Data items

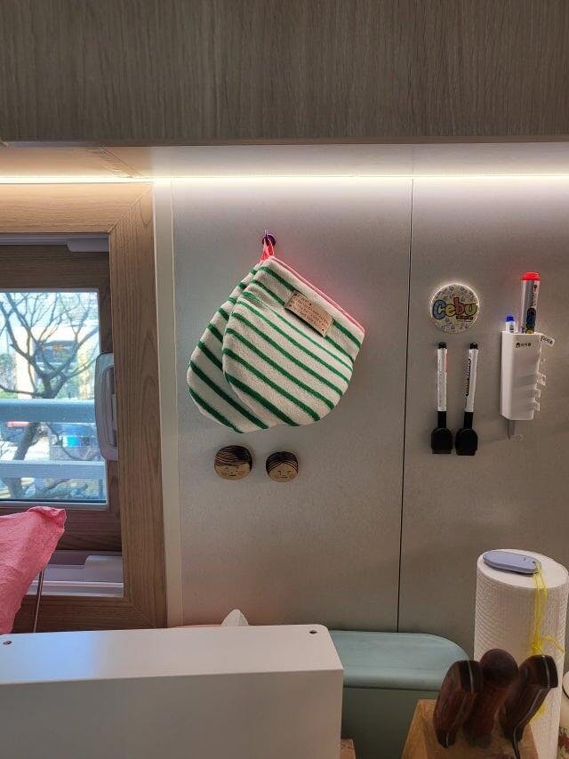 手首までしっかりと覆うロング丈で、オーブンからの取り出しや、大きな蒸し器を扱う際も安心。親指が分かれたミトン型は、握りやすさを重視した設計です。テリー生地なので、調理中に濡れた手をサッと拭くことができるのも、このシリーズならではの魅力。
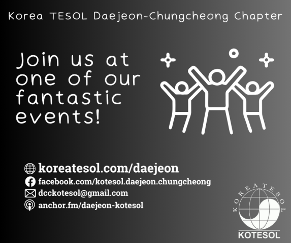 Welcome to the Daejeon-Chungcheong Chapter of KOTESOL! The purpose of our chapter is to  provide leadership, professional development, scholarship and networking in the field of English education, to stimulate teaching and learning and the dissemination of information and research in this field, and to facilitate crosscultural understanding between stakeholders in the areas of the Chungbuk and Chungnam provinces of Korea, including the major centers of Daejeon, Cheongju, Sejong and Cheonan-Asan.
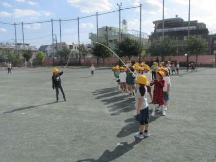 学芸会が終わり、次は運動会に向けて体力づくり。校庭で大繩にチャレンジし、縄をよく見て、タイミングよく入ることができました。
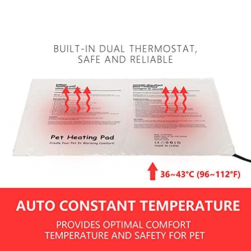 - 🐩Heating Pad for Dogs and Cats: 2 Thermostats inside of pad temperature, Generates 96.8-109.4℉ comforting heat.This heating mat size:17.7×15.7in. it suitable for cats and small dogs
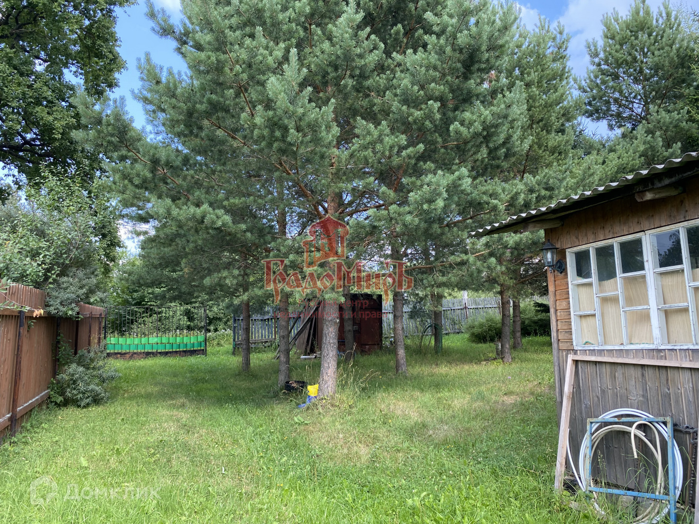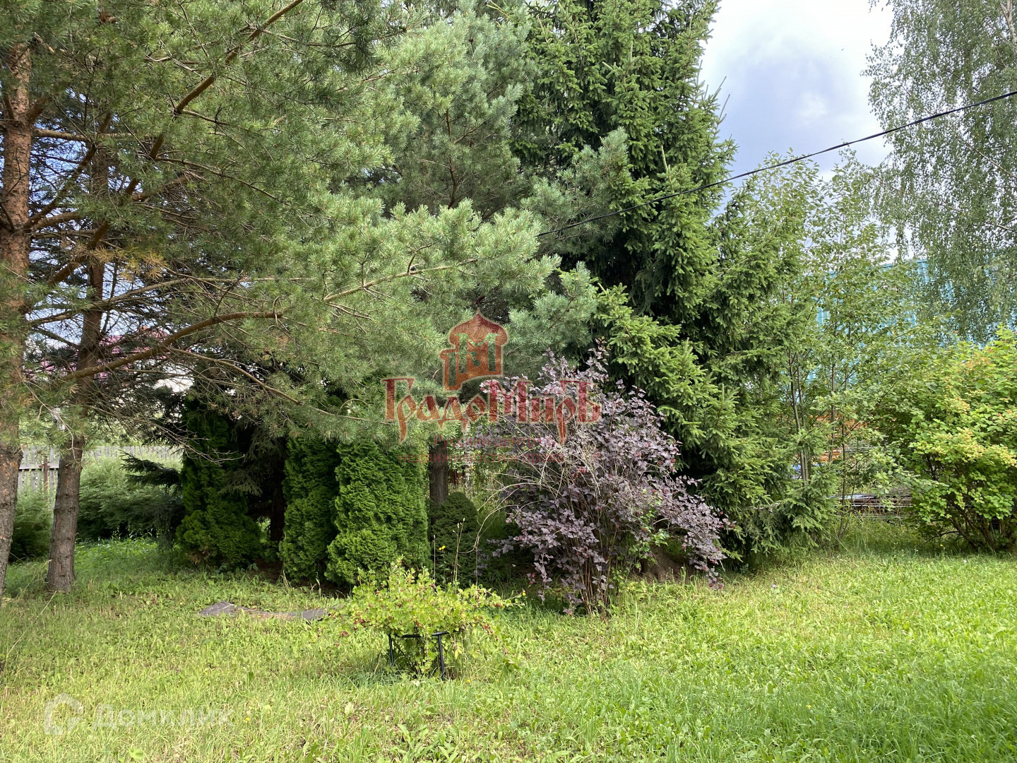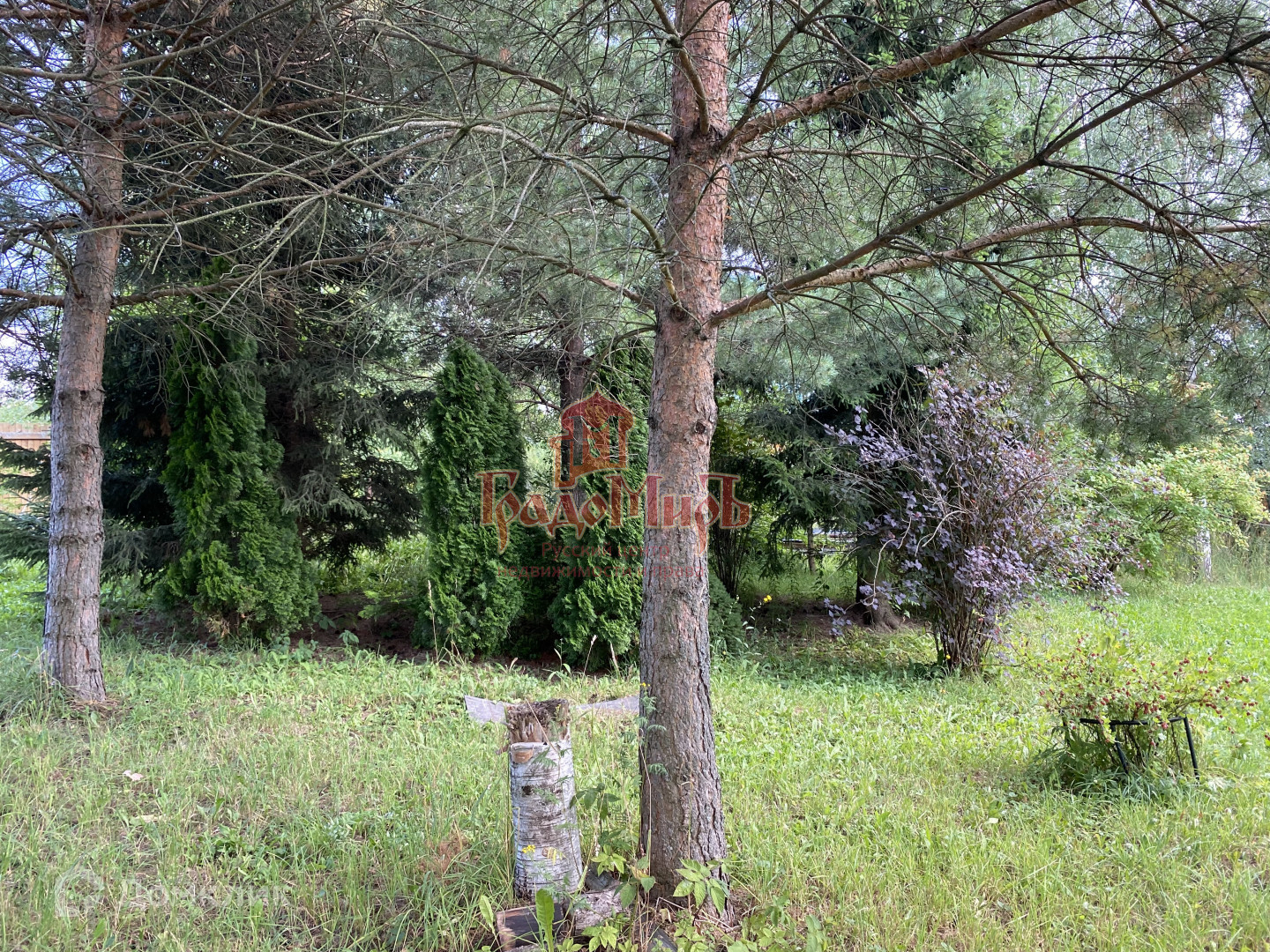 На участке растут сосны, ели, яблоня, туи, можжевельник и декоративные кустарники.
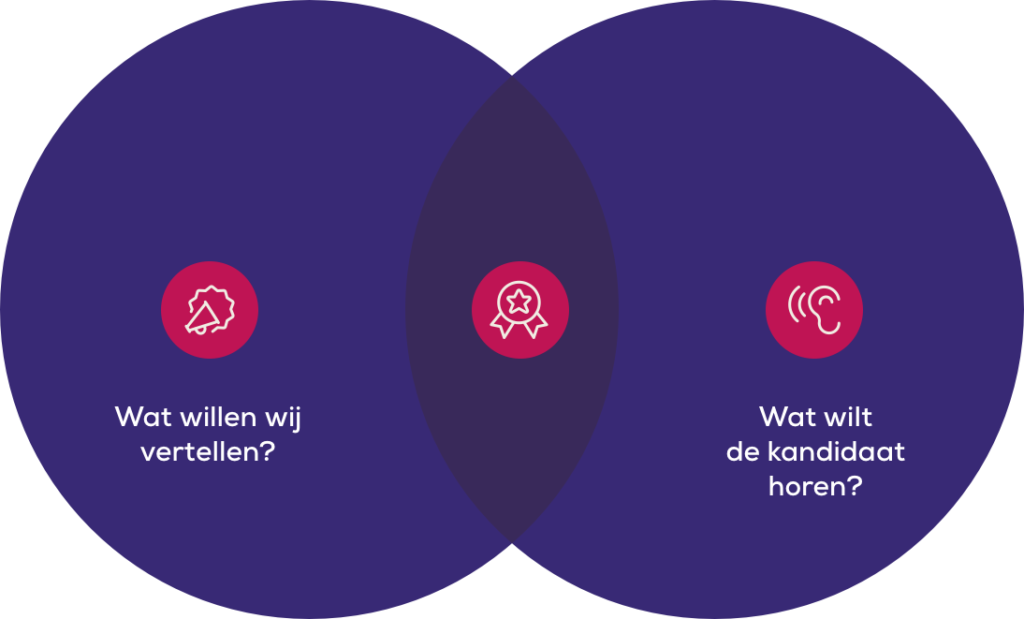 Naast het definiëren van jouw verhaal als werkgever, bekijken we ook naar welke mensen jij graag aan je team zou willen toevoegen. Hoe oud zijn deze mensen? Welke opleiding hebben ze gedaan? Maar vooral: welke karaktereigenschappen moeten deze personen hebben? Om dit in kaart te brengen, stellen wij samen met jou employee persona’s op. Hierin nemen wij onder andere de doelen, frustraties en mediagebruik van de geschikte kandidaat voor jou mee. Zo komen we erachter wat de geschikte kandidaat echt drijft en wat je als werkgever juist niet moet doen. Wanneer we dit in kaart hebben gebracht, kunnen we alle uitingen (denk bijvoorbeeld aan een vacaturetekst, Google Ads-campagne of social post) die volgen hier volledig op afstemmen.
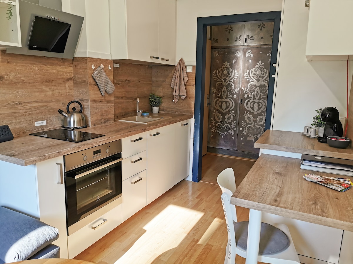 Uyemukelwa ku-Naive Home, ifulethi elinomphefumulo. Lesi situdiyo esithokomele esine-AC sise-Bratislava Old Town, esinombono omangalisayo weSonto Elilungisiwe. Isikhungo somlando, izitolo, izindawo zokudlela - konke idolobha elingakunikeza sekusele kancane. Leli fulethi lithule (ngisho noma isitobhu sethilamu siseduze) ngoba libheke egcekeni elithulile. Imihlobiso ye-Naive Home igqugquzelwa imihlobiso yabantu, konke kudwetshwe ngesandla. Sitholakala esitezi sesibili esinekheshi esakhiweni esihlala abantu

* _TO DO_: Print out the entries above word for word from the first line to the line containing "Naast het definiëren", both included, omitting the pictures.

* _OUTPUT FOR THIS EXERCISE_:
 手首までしっかりと覆うロング丈で、オーブンからの取り出しや、大きな蒸し器を扱う際も安心。親指が分かれたミトン型は、握りやすさを重視した設計です。テリー生地なので、調理中に濡れた手をサッと拭くことができるのも、このシリーズならではの魅力。
 Welcome to the Daejeon-Chungcheong Chapter of KOTESOL! The purpose of our chapter is to  provide leadership, professional development, scholarship and networking in the field of English education, to stimulate teaching and learning and the dissemination of information and research in this field, and to facilitate crosscultural understanding between stakeholders in the areas of the Chungbuk and Chungnam provinces of Korea, including the major centers of Daejeon, Cheongju, Sejong and Cheonan-Asan.
 学芸会が終わり、次は運動会に向けて体力づくり。校庭で大繩にチャレンジし、縄をよく見て、タイミングよく入ることができました。
 - 🐩Heating Pad for Dogs and Cats: 2 Thermostats inside of pad temperature, Generates 96.8-109.4℉ comforting heat.This heating mat size:17.7×15.7in. it suitable for cats and small dogs
 На участке растут сосны, ели, яблоня, туи, можжевельник и декоративные кустарники.
 Naast het definiëren van jouw verhaal als werkgever, bekijken we ook naar welke mensen jij graag aan je team zou willen toevoegen. Hoe oud zijn deze mensen? Welke opleiding hebben ze gedaan? Maar vooral: welke karaktereigenschappen moeten deze personen hebben? Om dit in kaart te brengen, stellen wij samen met jou employee persona’s op. Hierin nemen wij onder andere de doelen, frustraties en mediagebruik van de geschikte kandidaat voor jou mee. Zo komen we erachter wat de geschikte kandidaat echt drijft en wat je als werkgever juist niet moet doen. Wanneer we dit in kaart hebben gebracht, kunnen we alle uitingen (denk bijvoorbeeld aan een vacaturetekst, Google Ads-campagne of social post) die volgen hier volledig op afstemmen.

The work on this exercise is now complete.